I think just because a name leans one way or another over time, it doesn’t undue the fact that the name is unisex. Those 16 year old Baileys are still alive after all.
on February 24th, 2015 at 6:53 am
As well as only presenting a snapshot of just one year, I think it’s also important to remember that this represents usage here in the US only, and in other countries some of these names are used predominately on boys.
Looking at the England & Wales statistics for 2013, of the 725 babies named Bailey (and I counted all spellings), 81% of them were boys.
Some of the names defined as female here, are still predominately (or in some cases strictly!) male in other countries, and I think it’s careful we don’t label the gender of a name based on US usage only. There is a whole world beyond on our shores after all!
on February 24th, 2015 at 6:54 am
* That should read “I think it’s important we don’t label…”, not sure why I put careful, must be brain freeze!
on February 24th, 2015 at 9:17 am
I was surprised to see Rene in the nearly all male list. Definitely not the case here in Texas. Some of these names I’ve never heard on boys before…like Marlow.
on February 24th, 2015 at 10:12 am
Most people probably don’t realise Logan is NOT one of the more recent boy names sometimes given to a girl. It has been used for girls since ths 90s at least, and a little more than 5 percent of Logans in the USA are female.

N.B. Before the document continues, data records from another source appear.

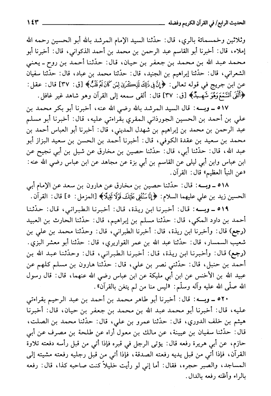وَثَلَاثِينَ وَخَمْسِ مِائَةٍ بِالرَّيِّ، قَالَ: حَدَّثَنَا السَّيِّدُ الْإِمَامُ الْمُرْشِدُ بِاللَّهِ أَبُو الْحُسَيْنِ، رَحِمَهُ اللَّهُ إِمْلَاءً، قَالَ: أَخْبَرَنَا أَبُو الْقَاسِمِ عَبْدُ الرَّحْمَنِ بْنُ مُحَمَّدِ بْنِ أَحْمَدَ الذَّكْوَانِيُّ، قَالَ: أَخْبَرَنَا أَبُو مُحَمَّدٍ عَبْدُ اللَّهِ بْنُ جَعْفَرِ بْنِ حَيَّانَ، قَالَ: حَدَّثَنَا أَحْمَدُ بْنُ رَوْحٍ يَعْنِي الشَّعْرَانِيَّ، قَالَ: حَدَّثَنَا إِبْرَاهِيمُ بْنُ الْجُنَيْدِ، قَالَ: حَدَّثَنَا مُحَمَّدُ بْنُ عَبَّادٍ، قَالَ: حَدَّثَنَا سُفْيَانُ، عَنِ ابْنِ جُرَيْجٍ، فِي قَوْلِهِ تَعَالَى " {إِنَّ فِي ذَلِكَ لَذِكْرَى لِمَنْ كَانَ لَهُ قَلْبٌ} [ق: 37] قَالَ: عَقْلٌ {أَلْقَى السَّمْعَ وَهُوَ شَهِيدٌ} [ق: 37] أَلْقَى سَمْعَهُ إِلَى الْقُرْآنِ وَهُوَ شَاهِدٌ غَيْرُ غَافِلٍ ".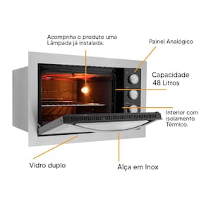 Forno elétrico de embutir com 48 litros de capacidade, frontal em inox escovado, 3 funções de aquecimento (superior, inferior e total), controle automático de temperatura de 50°C a 320°C, timer programável de até 120 minutos com aviso sonoro, lâmpada interna com proteção de vidro, porta com vidro duplo serigrafado, corpo interno com revestimento autolimpante, grade cromada removível e bandeja esmaltada para resíduos removível.Forno autolimpante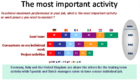 Gemiddeld besteden Europese managers 40 procent van hun tijd aan leidinggeven. 34 procent van de tijd wordt besteed aan individueel werk en de rest van de tijd aan projecten. ‘De manier van leidinggeven is blijkbaar sterk cultuur bepaald’, constateert Rick Bomer, algemeen directeur Steelcase Benelux, aan de hand van de cijfers. ‘In Nederland gaan we uit van een grote mate van zelfstandigheid en bevoegdheid. In andere landen is dat anders, dat zit diep geworteld in de culturele geschiedenis.’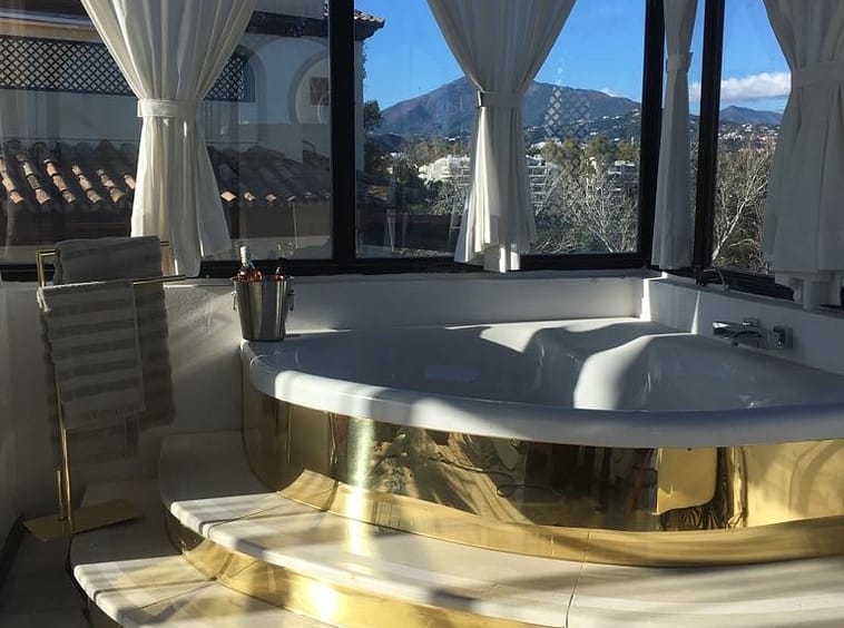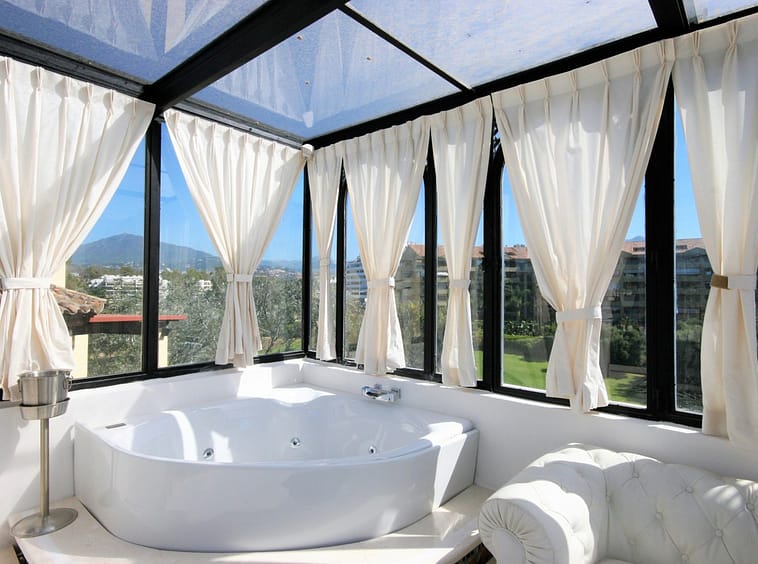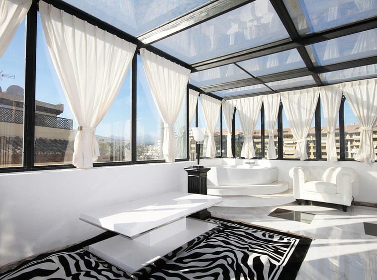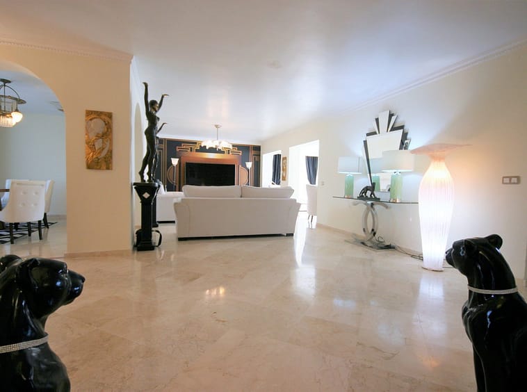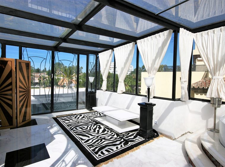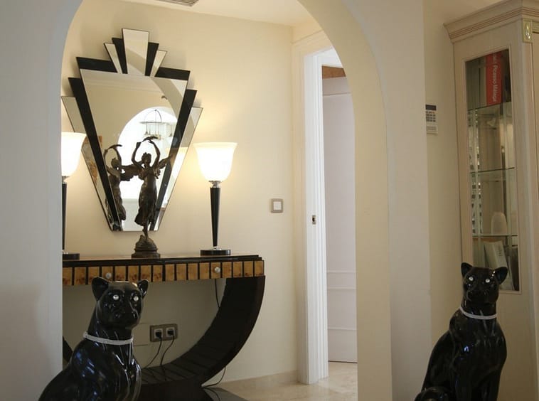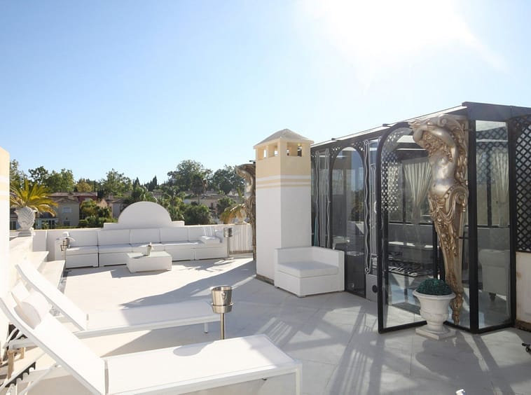 Situated frontline golf in the highly desirable area of Guadalmina Alta lies what is possible the only Art Deco apartment in the whole of Andalucia. This utterly stunning duplex penthouse is located in small quiet complex of apartments away from any road noise and yet just a short distance away from the town of San Pedro and the many restaurants and amenities of Guadalmina. Upon entering the property you immediately get a sense of space and opulence, due to both the distribution and the incredible decor and furnishings throughout the penthouse. On the main level you have an enormous living room with a separate dining area off to the left and a further sitting area off the living room to the right which over looks the Guadalmina golf course. The exquisite furnishings and decor are unique Art Deco pieces from around the world, many of which have great provenance and have come from America via auction houses in Paris, London and Rome. The thought and attention to detail that has gone into this Art Deco property is absolutely outstanding and must been seen first hand to be able to truly appreciate in its entirety. As you would expect, the fully fitted kitchen is in keeping with the rest of the house in terms of both quality and design, and that continues of course through into both the large master suite and the second bedroom with it own adjoining bathroom. A staircase leads from the dining area up to an exquisitely designed conservatory/ bedroom suite with jacuzzi, which again enjoys the amazing views out over the golf course. This in turn leads out onto 65m2 solarium with a Jacuzzi, again all this conforming with the elegant Art Deco style.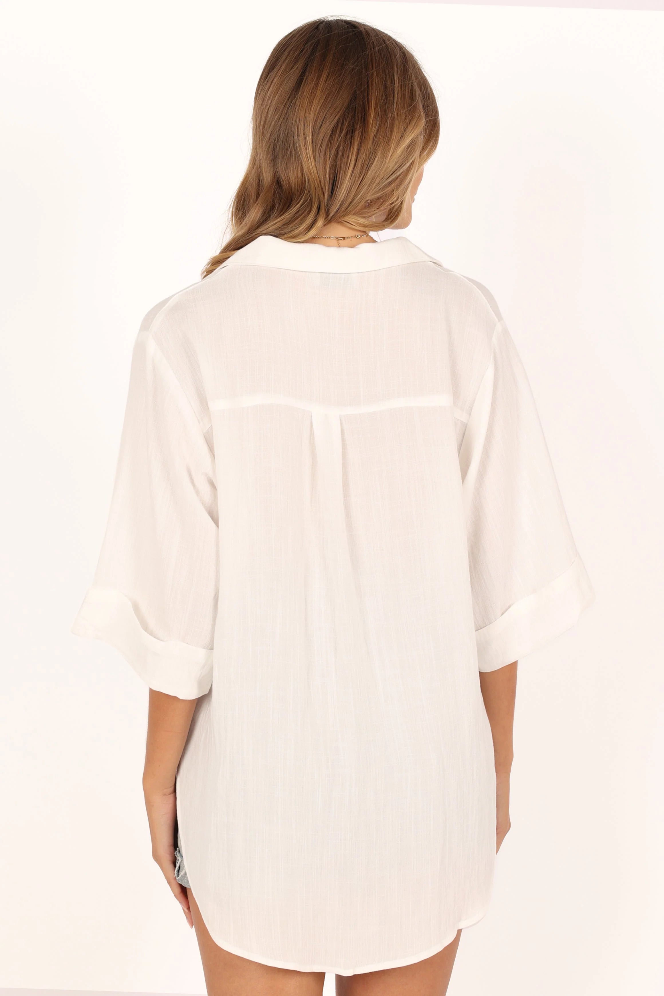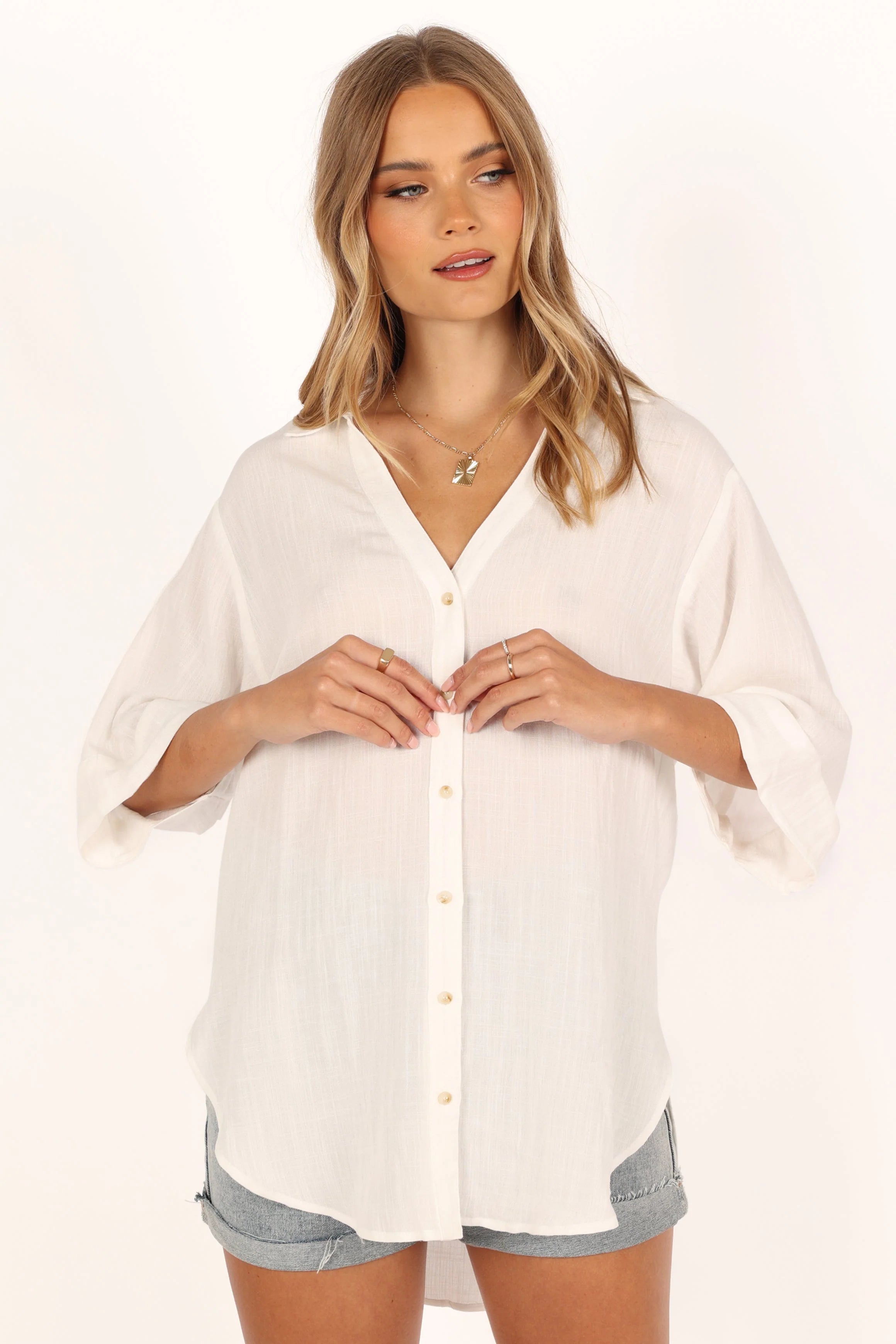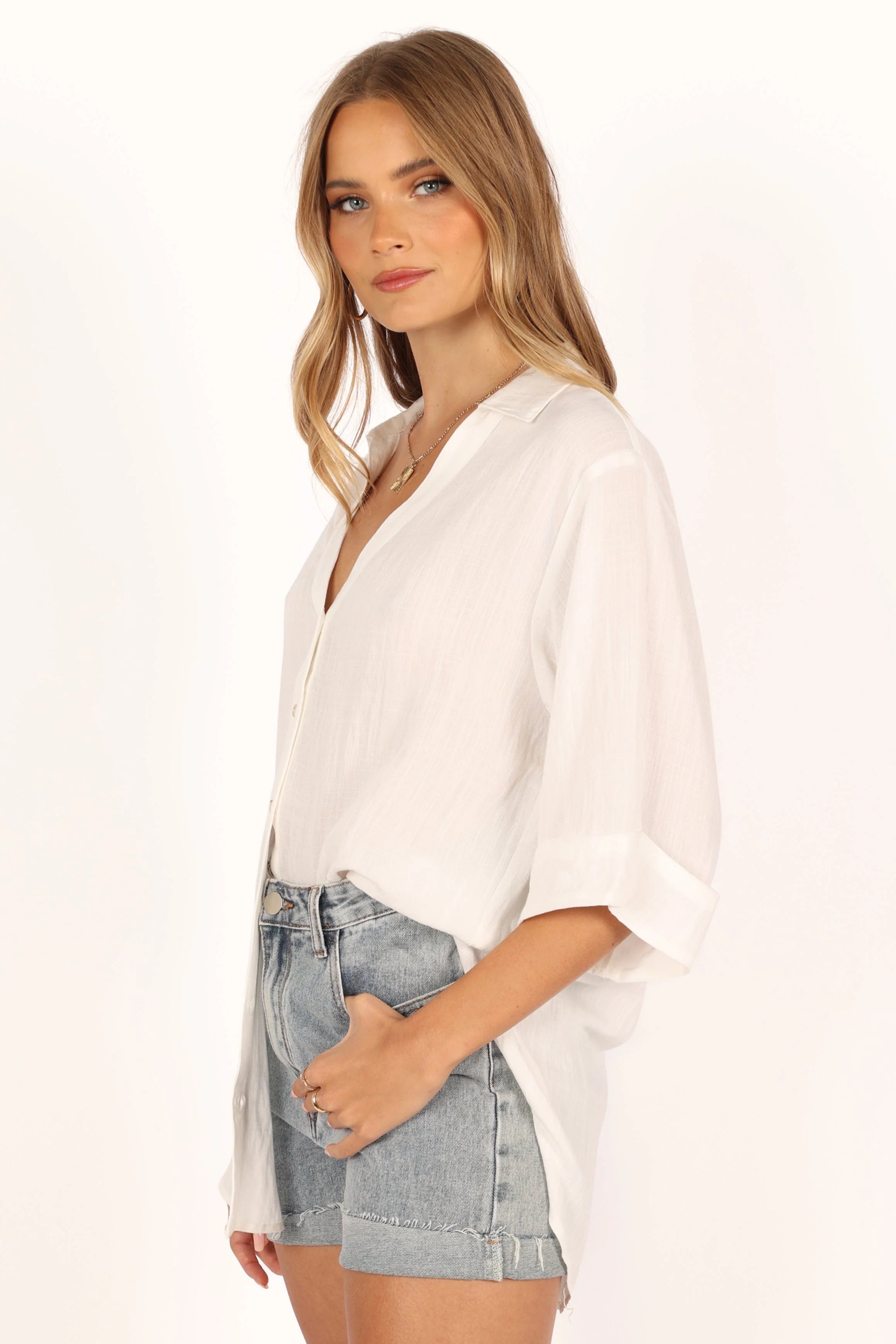 DETAILS This spread collar button-down shirt is an essential clothing item that exudes effortless style and versatility, perfect for vacation and summer wear. Designed with a flattering v-neckline and mid-length sleeves, this shirt features rolled hem cuffs which add a touch of sophistication to the overall silhouette.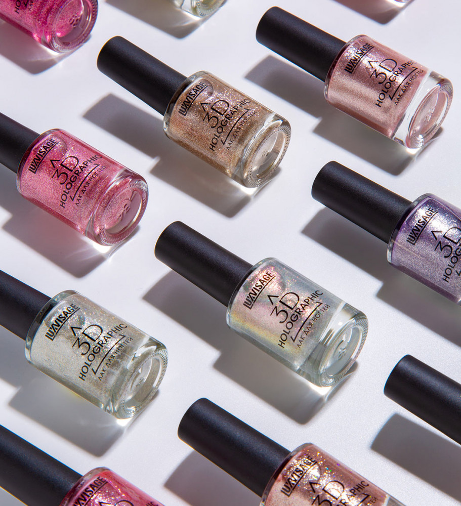 Очень красивый оттенок лака с голографическим эффектом. Не жидкий, наносится легко, кисточка плоская, не пушистая. Высыхает быстро.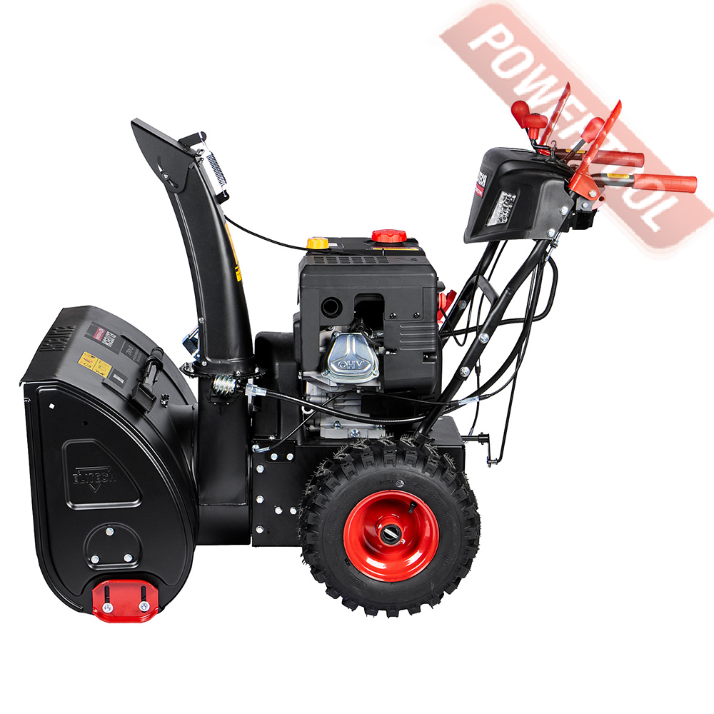 Снегоуборщик колесный самоходный, ширина ковша 76 см, высота ковша 54,5 см, скорости 6 вперед и 2 назад, выбор направления и дальности выброса снега рукоятками с панели оператора, угол поворота желоба 190 градусов, дальность выброса достигает до 15 м, подогрев рукояток, LED-фара, пневматические колеса 38 см, 4-тактный бензиновый двигатель Loncin LC190FDS объемом 420 куб.см мощностью 14 л.с., электростартер от сети 220 В, топливный бак 5,5 л, расход топлива 1,2 л/ч, емкость картера 1,1 л, трансмиссия фрикционный диск, габариты 1180х820х780 мм, вес 124 кг.

on February 24th, 2015 at 10:13 am
We’ve written before about how different names’ gender usage changes over time and cover the subject in the excellent chart on our Unisex Names page: http://nameberry.com/unisex-names
Yes, this piece deals only with the US and only with one year, but for many parents actively looking at baby names, a name’s cultural context at this moment is what’s most important.
on February 24th, 2015 at 10:24 am
I’d love to see a post about what names are traditionally unisex, maybe take a name many might even consider not unisex and show different origins for it that makes them legitimate for boys and girls. I guess there might be some surprises there. Like are names like Parker actually male? Aren’t they surnames and are surnames always considered male? Noah might be the translation of Hebrew Noach, which is pronounced differently than Noah. Noa on the other hand is pronounced that way and is traditionally female. (I don’t know if that is really true, I was giving an example.)
on February 24th, 2015 at 11:42 am
So basically my name is ALL boy! Ugh – _ –
on February 24th, 2015 at 11:43 pm
The problem is Nameberry is most of these cases discourages parents from using these names on their sons, and say stuff like “too feminine”, “dont you dare name him this”, “long gone to the girls”, “he’ll get teased”, “beware its getting used increasingly on girls” even if its minimal, “only for a girl”, etc. But then when its the other way around, even with classic male names, “this would make a fresh girl name”, “this would be cool on a girl”, “a girl can definitely pull this off”, even when the ratio is 99% male. I hate the double standard here.
on February 25th, 2015 at 4:50 am
@skizzo: That is because we still live in a world that is hostile towards women (misogyny). Just look what is happening in Turkey or in Nigeria or in any other country that thinks women are only second best or have any worth at all for that matter.
A boys’ name on a girl makes the girl “cool”, a girls’ name on a boy makes the boy “weak”.
on March 22nd, 2015 at 1:07 am
I love Cassidy on a boy, I don’t care what anyone says.